Thanks for the info.

From the replies it seems that erosion corrosion will only be an issue if the sea water is very high pressure and velocity. Also the fact that stainless doesn't rely on the protective oxides of carbon steel reduces the problem further.

What I don't understand is BigInch's comment on Reynold's number. Even if the Reynold's number for a particular flow predicts laminar flow in a straight pipe, surely that flow could become turbulent at a bend, then return to laminar flow after the bend. The calculation for Reynold's number doesn't take into account the shape of the pipe.

Gareth
 
You're right, but a lot less turbulence develops at the bends if the straight flow is laminar. You're thinking all the water particles hit the pipe and bounce off, but actually you tend to get more of a velocity decrease at the shorter radii and increase at the longer radii rather than turbulence.

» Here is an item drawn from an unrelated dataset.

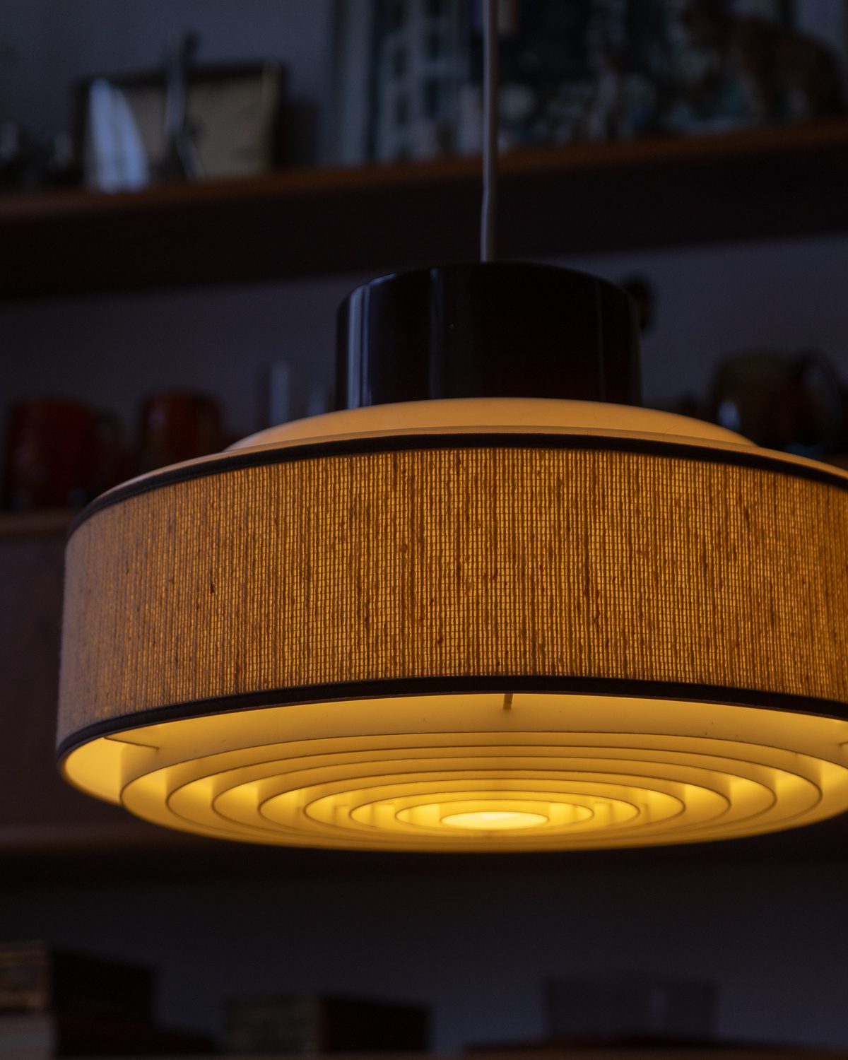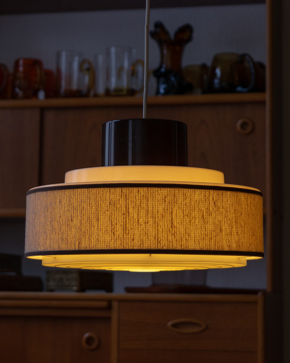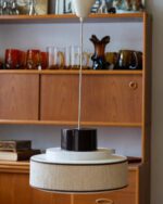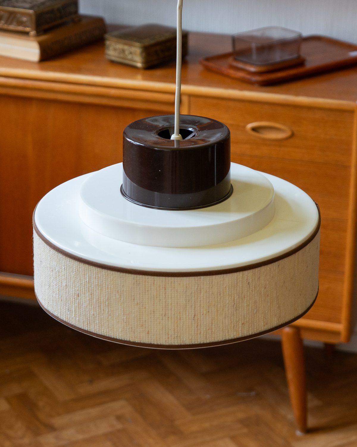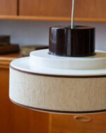 1970ndatel Skandinaavia päritolu valge ja pruuni plastikuga laelamp, millel on tekstiilist osa. Tekstiil hajutab valgust pehmelt ja loob õdusa miljöö. Heas vintage seisukorras!

"What gets us into trouble is not what we don't know, its what we know for sure" - Mark Twain
 
I had a go at calculating the velocity of water that would give a Reynold's number of 2000 just to get some idea of what it would be. Pipe diameter 50mm, and fresh water at 20 degrees C to start with.

density p = 1000 kg/m3
viscosity u = 0.001 PaS
diameter D = 0.05 m

v = (R * u)/(D * p)
= (2000 * 0.001)/(0.05 * 1000)
= 0.04 m/S

4 cm per second? That's so slow, I was expecting the transition to turbulence at a much higher velocity. This means that fluid in all the pipes in the system are well within the turbulent region.

There is something that bothers me about the Reynold's number calculation and it's probably just evidence that I'm in over my head, but I'd like to understand more about it. According to the formula, an increase in pipe diameter increases the Reynold's number for a given velocity. Now the turbulence is caused by the effect of the pipe walls on the fluid as it passes by, so surely a larger pipe means that a lower proportion of the volume of fluid is affected by the pipe walls as it moves, so there should be less turbulence. Why does a larger pipe diameter make it more turbulent?
 
Re=[ρ]*V*D/[μ] increases linearly with diameter, at the same time velocity (holding flowrate Q constant) equals V=(Q/Area of a pipe) is decreasing by the square of the radius -> net decrease in Re with increasing diameter.

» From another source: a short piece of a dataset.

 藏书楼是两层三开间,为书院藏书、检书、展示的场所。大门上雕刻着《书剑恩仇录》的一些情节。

"What gets us into trouble is not what we don't know, its what we know for sure" - Mark Twain
 
OK- You have a heat exchanger, SS for seawater, and are asking for optimum seawater velocity in the piping to avoid corrosion caused by turbulence in the thight bends.

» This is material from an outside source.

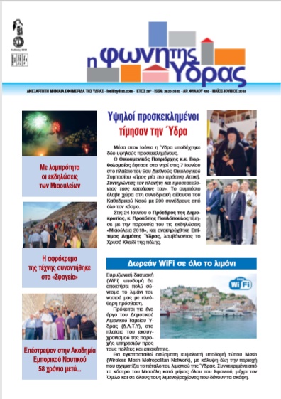 Κυκλοφόρησε το τεύχος Μαΐου-Ιουνίου 2018 της «Φωνής της Ύδρας» (Α.φ. 436), με όλη την επικαιρότητα του νησιού.

If this is within 'reasonable normal velocities' for similar exchangers, I do, as others, not belive this to be the most critical issue.

More critical for designing will be the quality and origin of the seawater. Seawater in the Red Sea will not be equal to North Sea, Mexican Gulf or brackish water - different properties and temperature can alter the chemical and corrosive properties considerably. The higher (outgoing) temperature more crtical than the entering.


Every North Sea offshore material engineer will know this, and oil companies offshore often do not allow SS for seawater handling at all, even if this is commonly used in shipbuilding. If SS is selected, material quality will be most important, and have to be of proven for seawater from the area and similar applications.

Also consider in the practical use that all sand and shell rests should to be filtered from the seawater, abrasion from this do probaly do more for the bends tah Reynolds at normal velocities, and think about inside growth in exchanger pipes and cleaning methodes for pipe inner wall.

Outside cleaning?

If you want to use pigging for the exchanger the sharp bends may limit your choice of pig type.

Also to be considered: how critical the application is and the required lifetime length. If critical you might want to exchange the material specification to exotic.



 
Use a long radius bend with a Boron infused internal surface and a conditioning vane on the inlet of the bend.